Data Science is assortment of the following.

**1. Collecting data**

In many cases, data scientists work with existing data sets collected in the course of other investigations. But the way that data is gathered and stored can limit the questions that may be answered from it and relevant data is not always immediately available. If the data is not existing, it is needed to design experiments for collecting data.

**Skills required for collecting data:**

i) Intermediate level Programming

ii) Knowledge of databases

iii) Knowledge of Statistics

**2. Storing data**

Simple and structured data (Example: Employee details) can be stored using relational databases.

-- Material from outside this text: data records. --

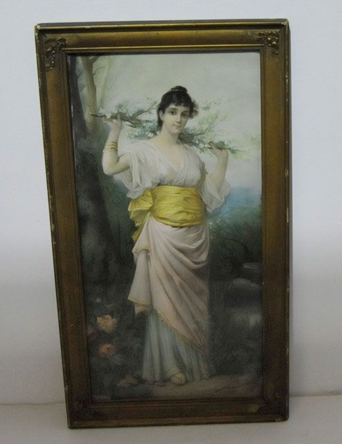 Including: 1- Pair "Seated Women" mounted in oak frames, ca. 1900, approx. 24" x 20". 1- "Goddess with Leaves Holding Flowers", approx. 18" x 10". Please read our terms of sale.
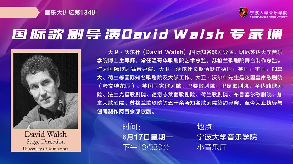 主讲人简介:大卫·沃尔什 (David Walsh) ,国际知名歌剧导演,明尼苏达大学麻豆在线
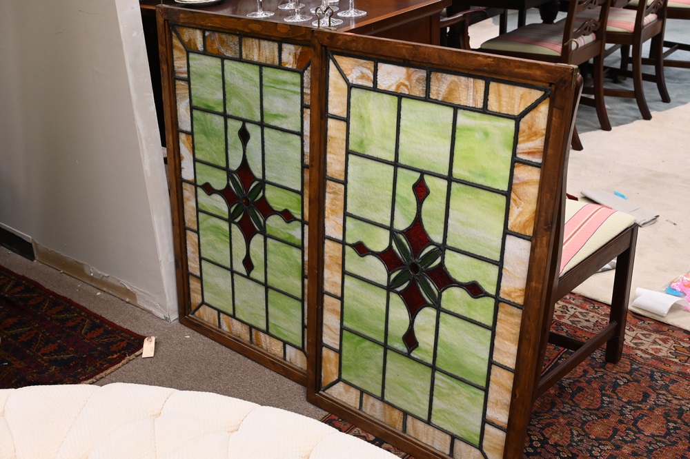 Three Leaded and Stained Glass Windows, one to include a lighted center having “The Red Store” logo, center 38 x 97 1/2 inches, each side 39 x 25 inches.
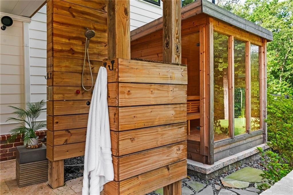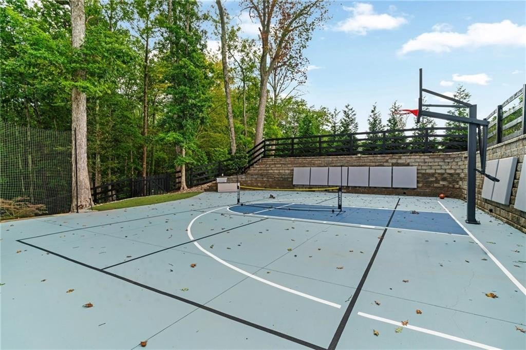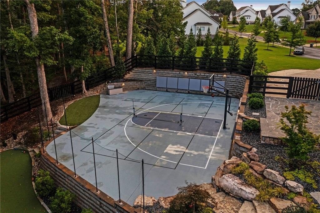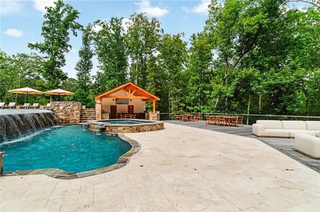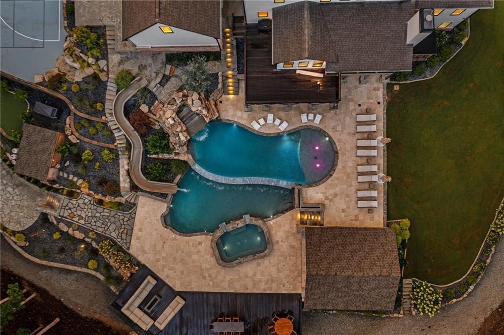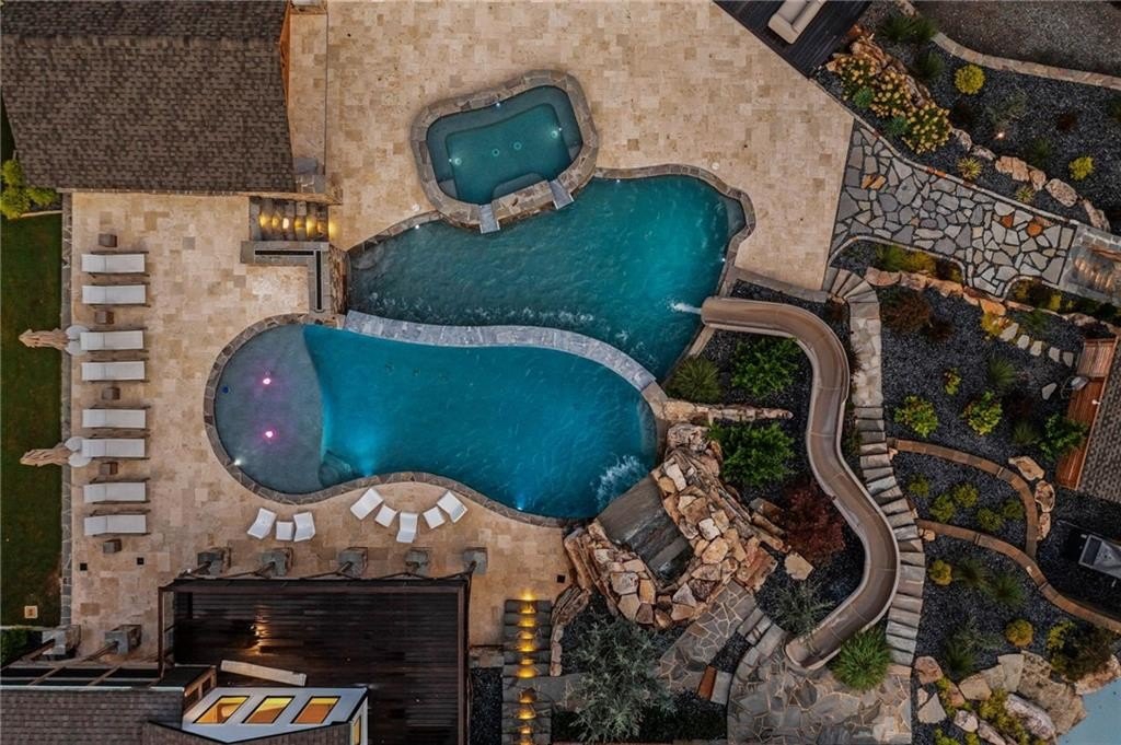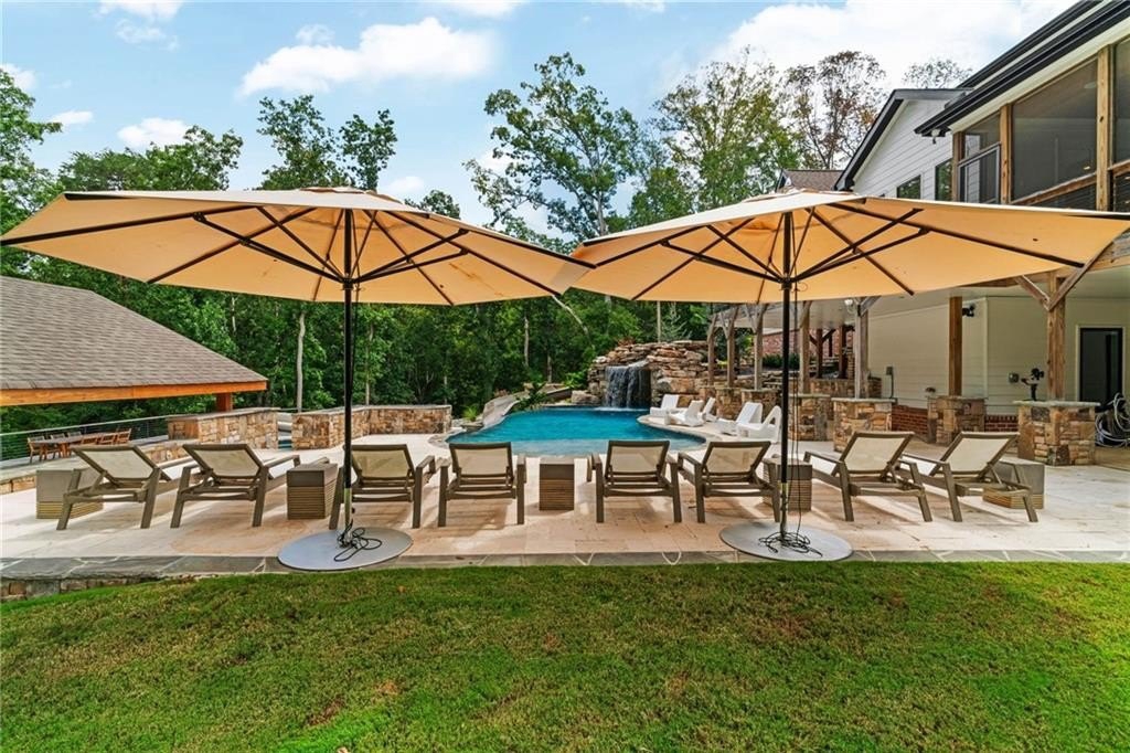 The backyard is a true PARADISE with diving ledges, resort-style slides, waterfalls, grottoes, tanning ledges, and a massive hot tub, along with pickleball and basketball courts, a putting green, and an in-ground trampoline. Outdoor living continues with a full kitchen, outdoor bathroom, sauna, private outdoor shower and spectacular outdoor fireplace tucked in the trees for majestic evenings! Covered and screened deck with fireplace is the perfect spot for morning coffee! Custom lighting enhances both the home and backyard, creating a stunning evening ambiance, while a full irrigation system keeps the grounds lush and a full house generator provides peace of mind. A rocking chair front porch adds classic Southern charm, while the attached two-car garage and detached two-car garage provide space for four vehicles in total. Above the detached garage, a private office / bonus space is ideal for a home office, studio, or man cave. The property also features a private hiking trail that leads directly to Canton Creek and waterfall.
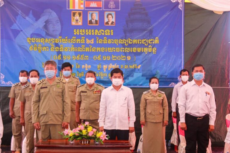 រដ្ឋបាលស្រុកស្រែអំបិល បានរៀបចំប្រារព្ធមីទ្ទីងអបអរសាទរខួបអនុស្សាវរីយ៍លើកទី៦៨ ទិវាបុណ្យឯករាជជាតិ ៩វិច្ឆិកា និងទិវាកំណើតនៃកងយោធពលខេមរភូមិន្ទ (៩.១១.១៩៥៣ – ៩.១១.២០២១ ) ក្រោមអធិបតីភាព លោក ម៉ាស់ សុជា ប្រធានក្រុមប្រឹក្សាស្រុក និងលោក ជា ច័ន្ទកញ្ញា អភិបាល នៃគណៈអភិបាលស្រុក
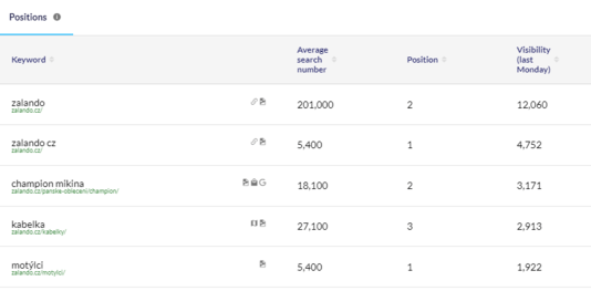 Důkladně zanalyzujete všechna klíčová slova a pozice, na kterých se zadaná doména zobrazuje na Google.
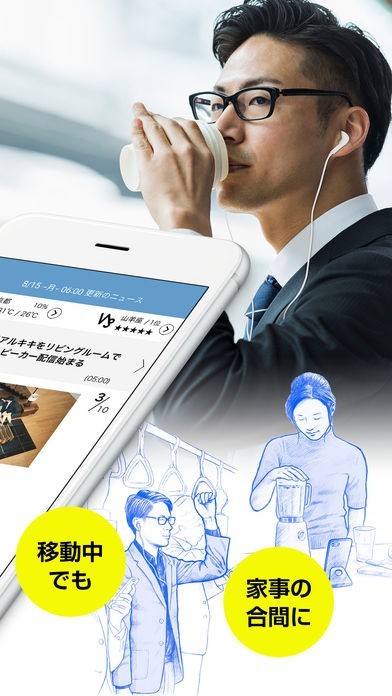 メリット:徒歩による移動が多い人は、音声によって重要なニュースを知ることが出来るので、歩いている時間を有効活用することができます。

When data is available in multiple databases, it should be integrated into common repository such as Data Warehouses to support analytics. Data warehouses stores structured and curated data from multiple databases, which is optimized for data analytics.

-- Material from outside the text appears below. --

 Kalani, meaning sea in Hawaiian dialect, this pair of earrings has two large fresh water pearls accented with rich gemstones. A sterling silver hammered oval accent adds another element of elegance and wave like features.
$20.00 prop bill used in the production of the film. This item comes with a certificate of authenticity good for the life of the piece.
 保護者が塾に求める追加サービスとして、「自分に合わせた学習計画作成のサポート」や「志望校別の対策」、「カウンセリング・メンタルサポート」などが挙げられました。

Large amount of unstructured data (text, image, video and speech) is generated in the past decade. These unstructured and uncurated data are stored in Data Lakes. Data Lakes can store both structured and unstructured big data.

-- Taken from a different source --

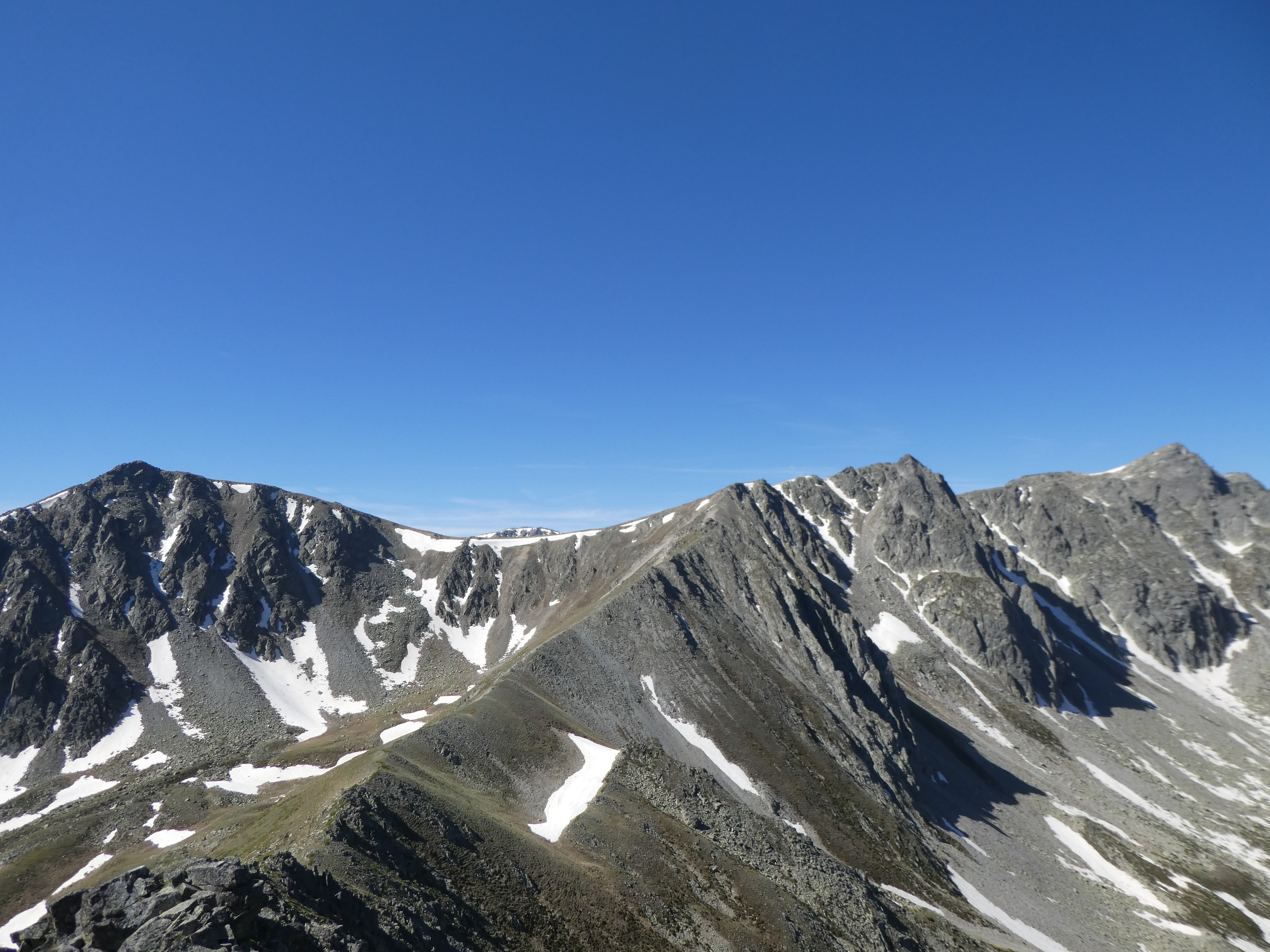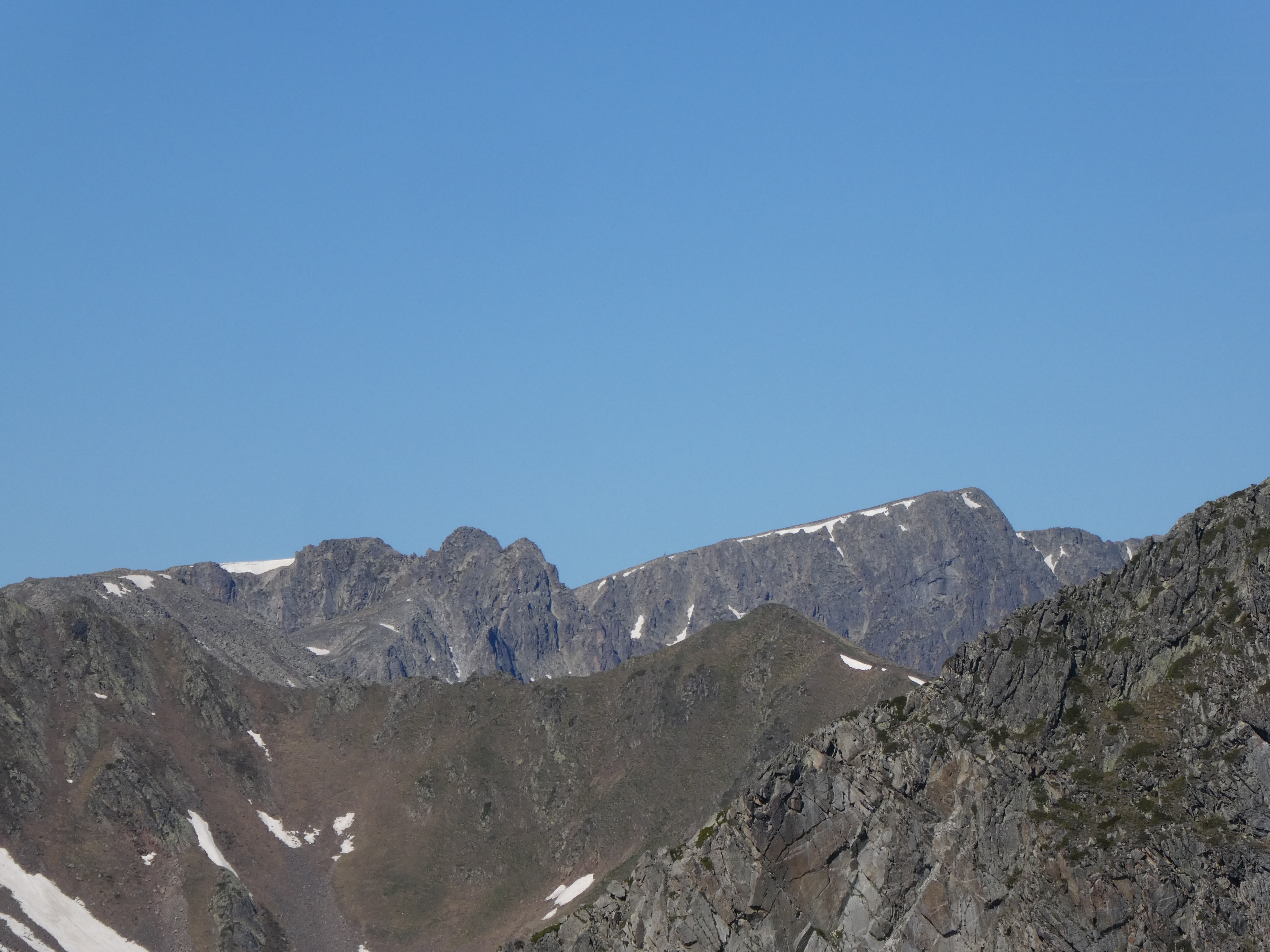 Zoom sur le Pic del Siscaró (2636 m) au centre-gauche, le Pic de la Cabaneta (2818 m) au centre et le Roc Mélé (2811 m) au centre-droit
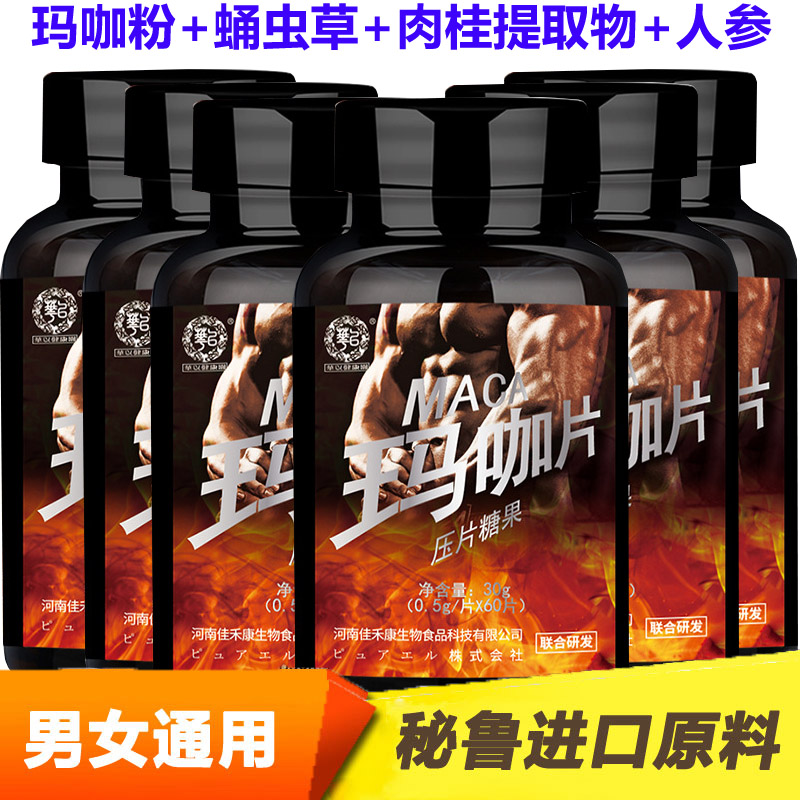 秘鲁进口玛卡原料浓缩玛咖压片糖果60片6瓶高含量maca人参肉桂蛹虫草玛咖片干片男女成人中青年人中老年人滋补品营养品正品

**Skills required for storing data:**

i) Programming and Engineering

ii) Knowledge of Relational Databases

iii) Knowledge of NoSQL Databases

iv) Knowledge of Data Warehouses

v) Knowledge of Data Lakes (Hadoop)

**3. Processing data**

Due to anomalies found in data and common necessity of cleaning up messy raw data, the data scientist will have to “wrangle” it before moving further into the modeling process.

Data cleaning involves filling missing values, standardizing keywords, correcting spelling errors, identifying and removing outliers.

Also known as “munging” this hard-to-define step is one of the ways that data scientists make the magic happen—bringing skills and intuition to bear to take messy, incoherent information and shuffle it into clean, accessible sets.

Processing data also includes scaling, normalizing, and standardizing.

**Skills required for processing data:**

i) Programming skills

ii) Map reduce (Hadoop)

iii) SQL and NoSQL databases

iv) Basic Statistics

**4. Describing data**

Describing data includes visualizing data and summarizing data which is dealt with descriptive statistics.

For summarizing data mean, median, mode, standard deviation and variance are used.

**Skills required for describing data:**

i) Statistics

ii) Excel

iii) Python

iv) R

v) Tableau

**5. Modelling data**

For modelling data, statistical modelling and algorithmic modelling are used.

Statistical modelling is used for simple and intuitive model. It is more suited for low dimensional data and focus on interpretability. It is more of statistics.

Algorithmic modelling is used for complex and flexible models. It can work with high dimensional data and focus on prediction. It is more of machine learning and deep learning.

When we have large amount of data, and to learn complex relationship between input and output, we use deep learning.

**Skills required for modelling data:**

i) Inferential Statistics

ii) Probability theory

iii) Calculus

iv) Optimization algorithms

v) Machine learning and Deep learning

vi) Python packages and frameworks (numpy, scipy, scikit-learn, TF, PyTorch, Keras)